The statute is clear and imperative. Its constitutional validity is not questioned. It contains no qualification. We cannot interpolate what is claimed. Such a function is beyond the sphere of our power and duty. It is our business to execute the law as we find it, and not to make or modify it. In the disposition of property among creditors, equality is equity. It was the genius and purpose of the statute to secure this result as far as possible from the moment its aid was invoked, whether by debtor or creditor. The power of amendment is incident to all judicial administration. Its exercise is vital to the ends of justice. Tilton v. Cofield, 93 U. S. 163. The filing of the petition was a caveat to all the world. It was in effect an attachment and injunction. Thereafter all the property rights of the debtor were ipso facto in abeyance until the final adjudication. If that were in his favor they revived and were again in full force. If it were against him, they were extinguished as to him and vested in the assignee for the purposes of the trust with which he was charged. The bankrupt became, as it were, for many purposes, civiliter mortuus. Those who dealt with his property in the interval between the filing of the petition and the final adjudication, did so at their peril. They could limit neither the power of the court nor the effect of the final exercise of its jurisdiction. With the intermediate steps they had nothing to do. The time of the filing of the petition and the final result alone concerned them. In this case the title of the assignee is in all respects just what it would have been if the bankrupt had done nothing, and there had been no interposition by the appellants. Otherwise the efficacy of the act depended not upon its own language and meaning, but was only what others outside of the proceeding might choose to permit it to be. This would be a solecism, and largely defeat the purpose of the statute and the policy of Congress in enacting it. We concur entirely in the opinion of the circuit court upon the subject.
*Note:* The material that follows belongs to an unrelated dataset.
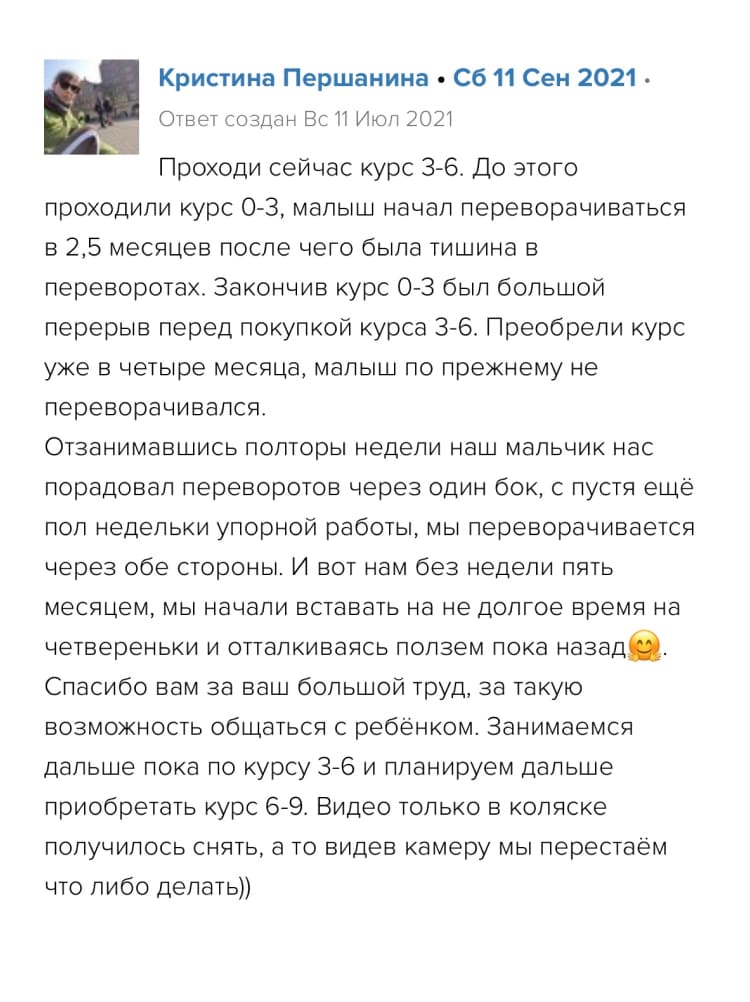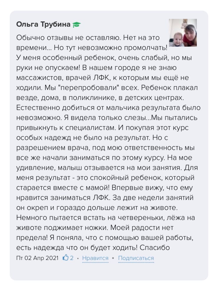 После анализа Игорь Анатольевич подготовит индивидуальные рекомендации по занятиям и играм с малышом, по обустройству комнаты. Эти рекомендации будут учитывать особенности двигательного и сенсорного развития ребёнка.

The bankrupt was under arrest upon civil process when the
transaction complained of by the bill occurred, and the appellants knew of the filing of the petition against him, and of his utter insolvency when they received the assets.
Our opinion in this case disposes also of the other. The record shows that the rights of Witherow were settled and provided for by a decree in another litigation to which he and the assignee were parties. The cross-bills were properly dismissed.